Your assignment
Give back exactly the lines from the start of the entries below to the line holding "Очаровательные зайки из плюшевой пряжи", that line included, and leave every picture out.

Data to examine

========

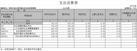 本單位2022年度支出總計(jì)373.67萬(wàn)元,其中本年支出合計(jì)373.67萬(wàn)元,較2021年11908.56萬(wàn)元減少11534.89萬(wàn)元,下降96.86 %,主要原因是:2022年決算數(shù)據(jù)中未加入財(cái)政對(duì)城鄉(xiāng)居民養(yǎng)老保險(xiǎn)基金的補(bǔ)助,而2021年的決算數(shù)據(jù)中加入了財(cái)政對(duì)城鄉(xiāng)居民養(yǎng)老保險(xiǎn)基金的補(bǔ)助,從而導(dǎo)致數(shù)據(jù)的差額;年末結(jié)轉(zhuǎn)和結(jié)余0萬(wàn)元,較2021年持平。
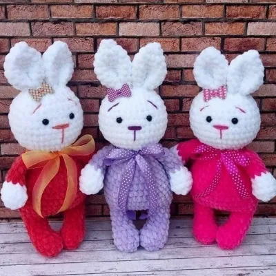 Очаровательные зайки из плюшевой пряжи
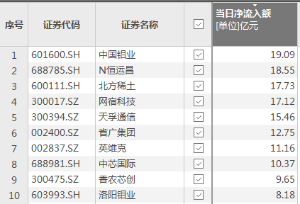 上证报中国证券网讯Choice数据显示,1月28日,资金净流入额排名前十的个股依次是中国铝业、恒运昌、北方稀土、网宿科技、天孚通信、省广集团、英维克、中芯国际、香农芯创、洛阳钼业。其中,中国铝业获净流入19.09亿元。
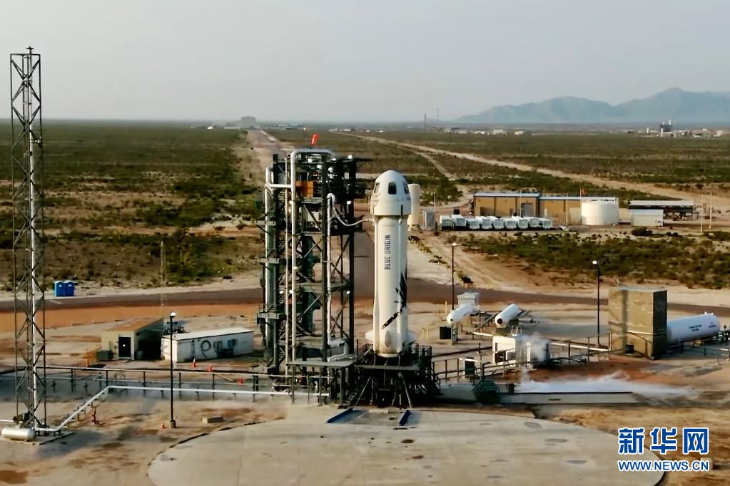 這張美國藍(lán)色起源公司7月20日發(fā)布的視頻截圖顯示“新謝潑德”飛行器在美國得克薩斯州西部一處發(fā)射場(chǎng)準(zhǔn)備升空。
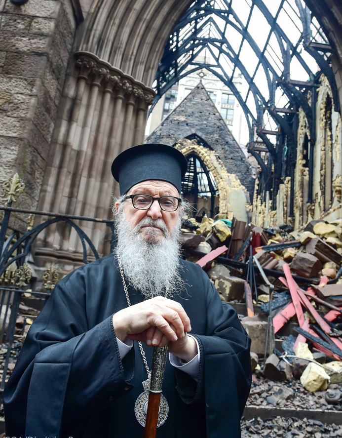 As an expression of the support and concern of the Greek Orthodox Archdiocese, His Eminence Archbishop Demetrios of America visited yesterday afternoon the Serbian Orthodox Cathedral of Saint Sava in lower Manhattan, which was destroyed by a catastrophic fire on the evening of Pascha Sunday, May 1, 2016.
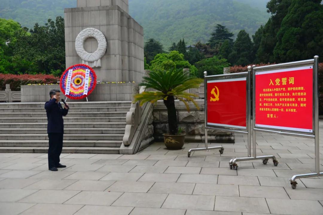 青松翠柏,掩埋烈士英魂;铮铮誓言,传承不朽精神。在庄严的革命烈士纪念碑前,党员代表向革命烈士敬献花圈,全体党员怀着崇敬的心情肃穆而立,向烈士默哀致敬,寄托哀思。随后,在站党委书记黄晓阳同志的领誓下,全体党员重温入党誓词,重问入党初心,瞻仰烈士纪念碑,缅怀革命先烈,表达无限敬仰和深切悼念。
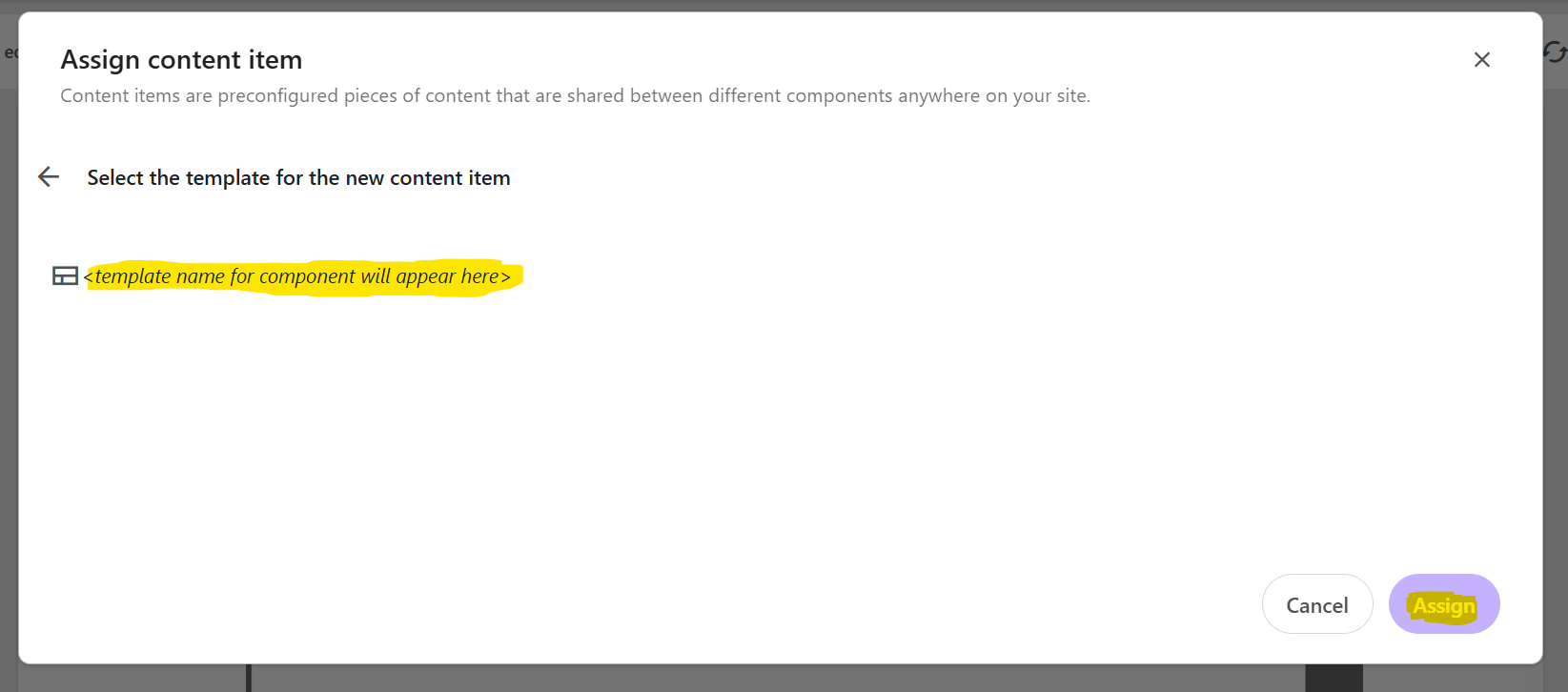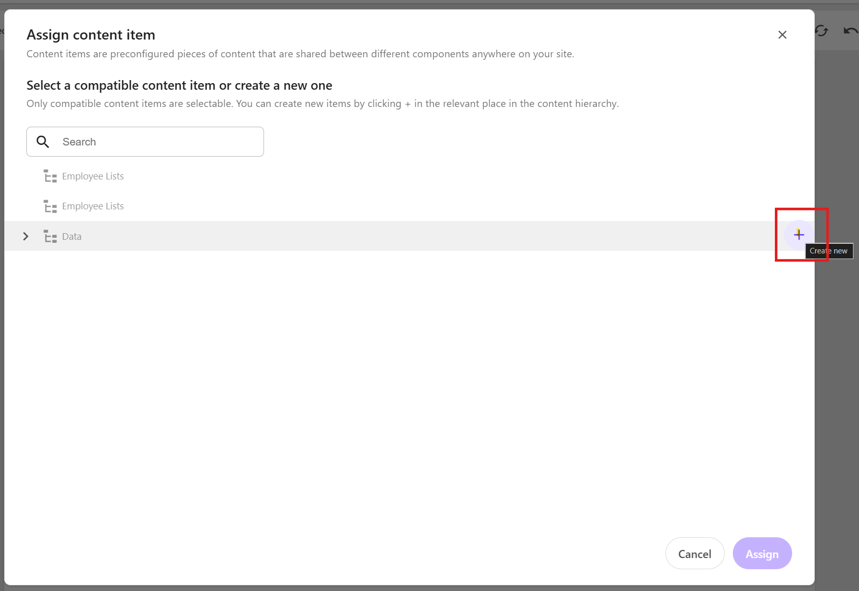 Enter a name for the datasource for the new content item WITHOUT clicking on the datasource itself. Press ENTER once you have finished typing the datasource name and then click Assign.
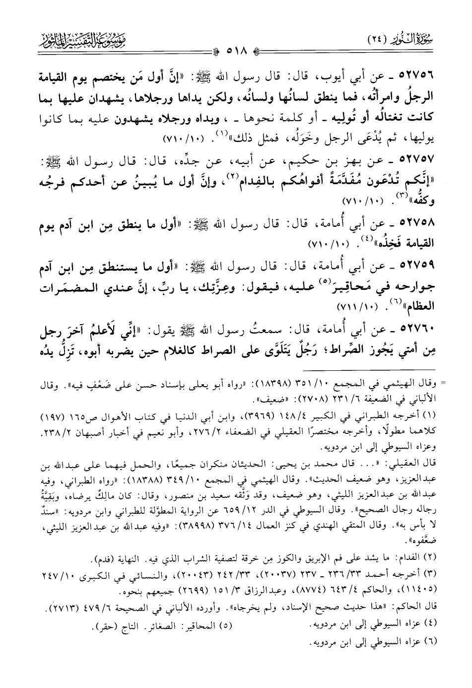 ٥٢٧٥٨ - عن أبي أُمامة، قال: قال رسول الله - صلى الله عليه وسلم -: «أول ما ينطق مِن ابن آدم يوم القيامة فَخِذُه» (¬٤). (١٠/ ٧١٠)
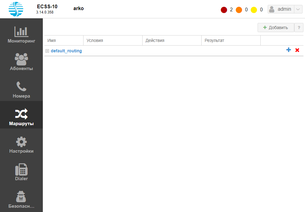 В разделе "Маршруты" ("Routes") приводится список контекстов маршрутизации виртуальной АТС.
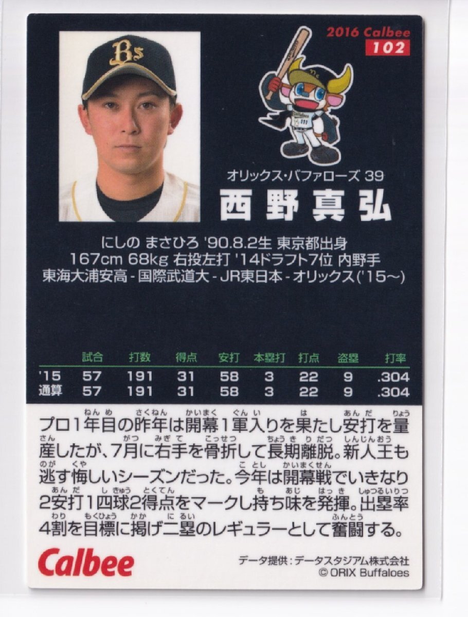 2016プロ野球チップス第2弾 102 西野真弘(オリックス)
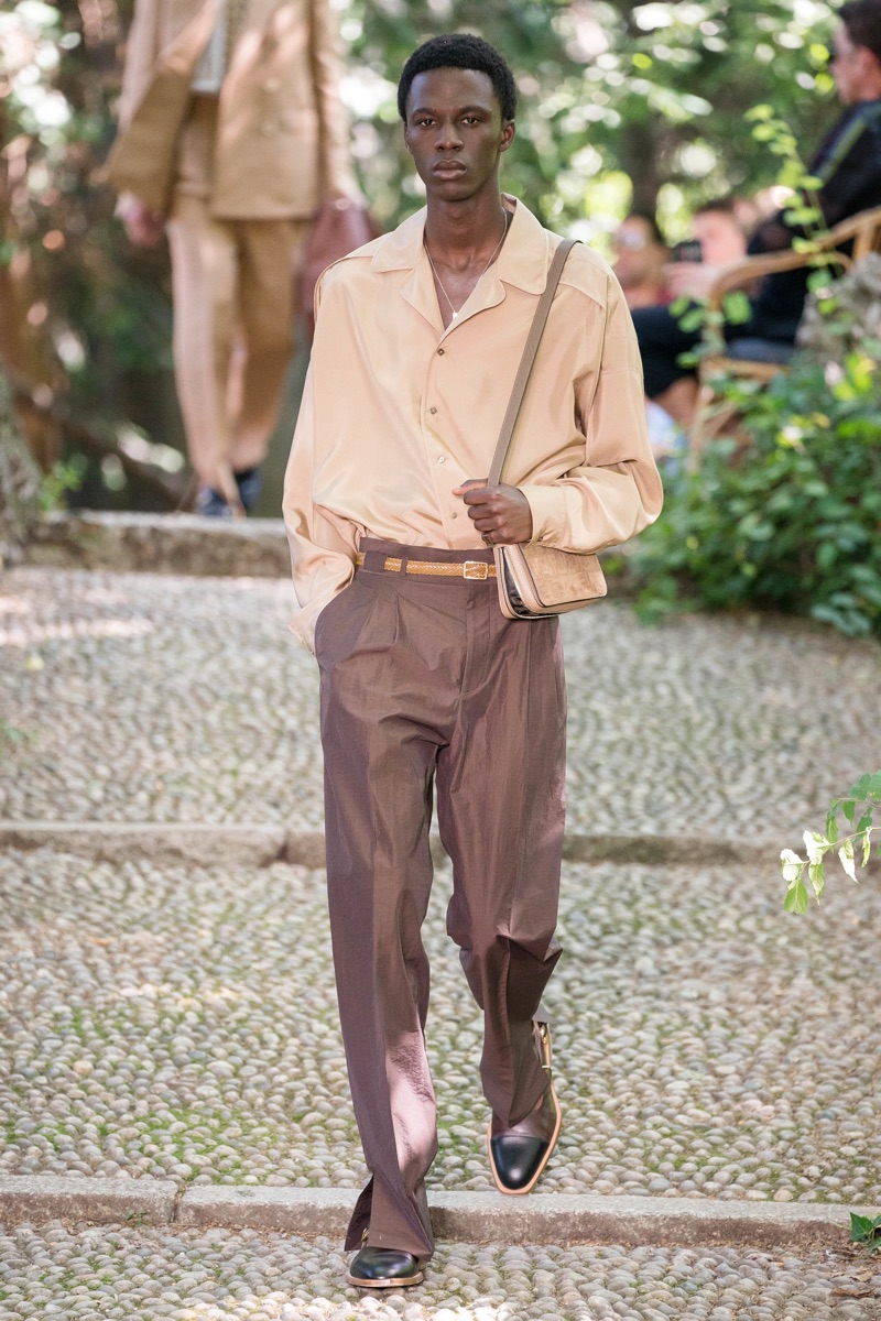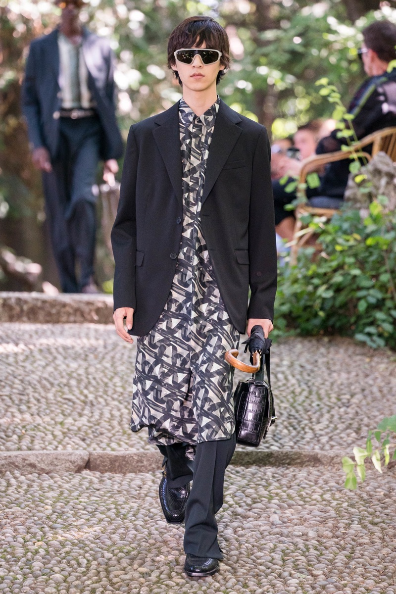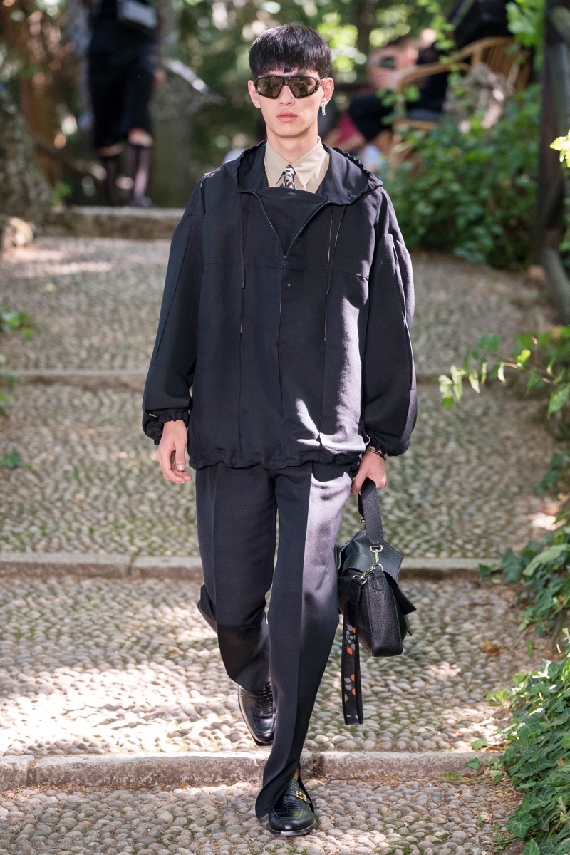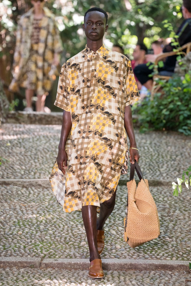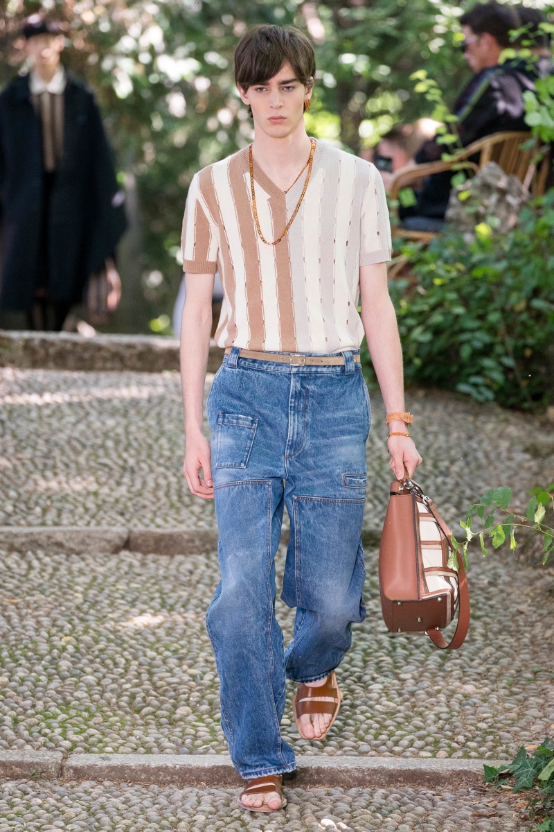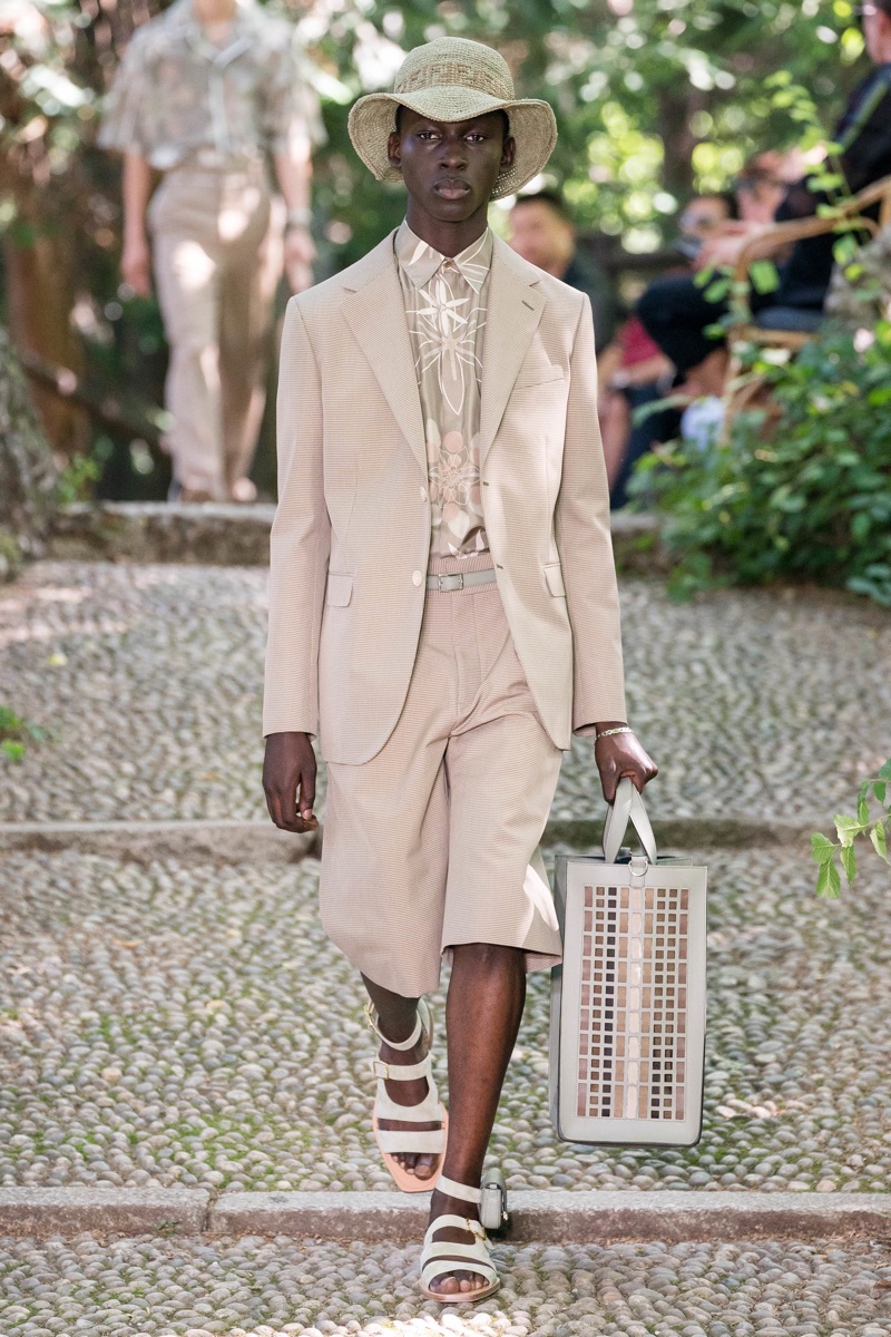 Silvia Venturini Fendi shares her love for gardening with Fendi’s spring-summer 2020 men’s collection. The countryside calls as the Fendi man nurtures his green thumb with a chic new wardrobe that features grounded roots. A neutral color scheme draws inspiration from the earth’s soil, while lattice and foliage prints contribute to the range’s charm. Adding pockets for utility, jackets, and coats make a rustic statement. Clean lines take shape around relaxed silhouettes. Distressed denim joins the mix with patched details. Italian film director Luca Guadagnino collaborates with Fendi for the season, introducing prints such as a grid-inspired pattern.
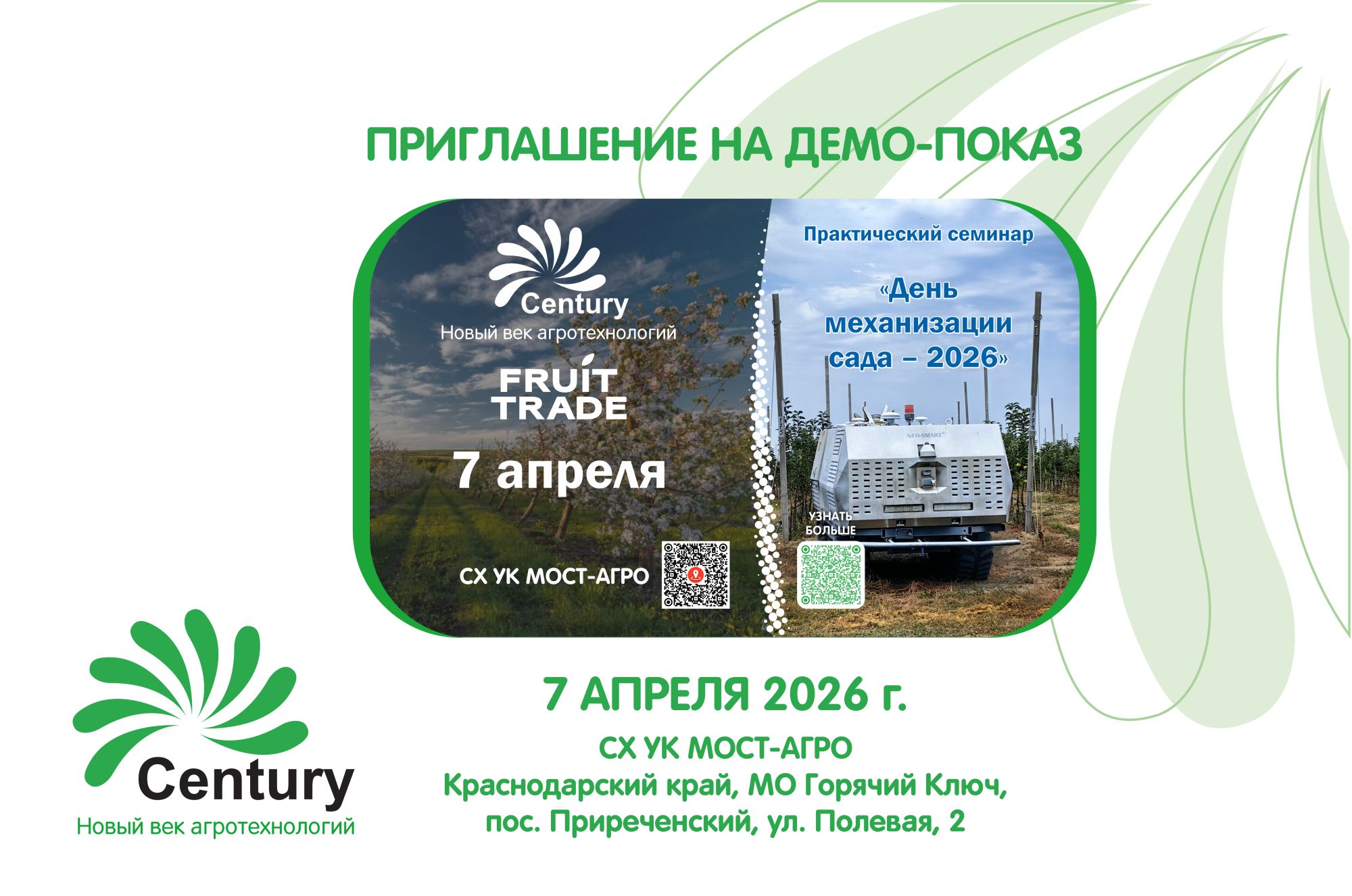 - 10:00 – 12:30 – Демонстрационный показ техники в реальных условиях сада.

========

Result for this exercise
 本單位2022年度支出總計(jì)373.67萬(wàn)元,其中本年支出合計(jì)373.67萬(wàn)元,較2021年11908.56萬(wàn)元減少11534.89萬(wàn)元,下降96.86 %,主要原因是:2022年決算數(shù)據(jù)中未加入財(cái)政對(duì)城鄉(xiāng)居民養(yǎng)老保險(xiǎn)基金的補(bǔ)助,而2021年的決算數(shù)據(jù)中加入了財(cái)政對(duì)城鄉(xiāng)居民養(yǎng)老保險(xiǎn)基金的補(bǔ)助,從而導(dǎo)致數(shù)據(jù)的差額;年末結(jié)轉(zhuǎn)和結(jié)余0萬(wàn)元,較2021年持平。
 Очаровательные зайки из плюшевой пряжи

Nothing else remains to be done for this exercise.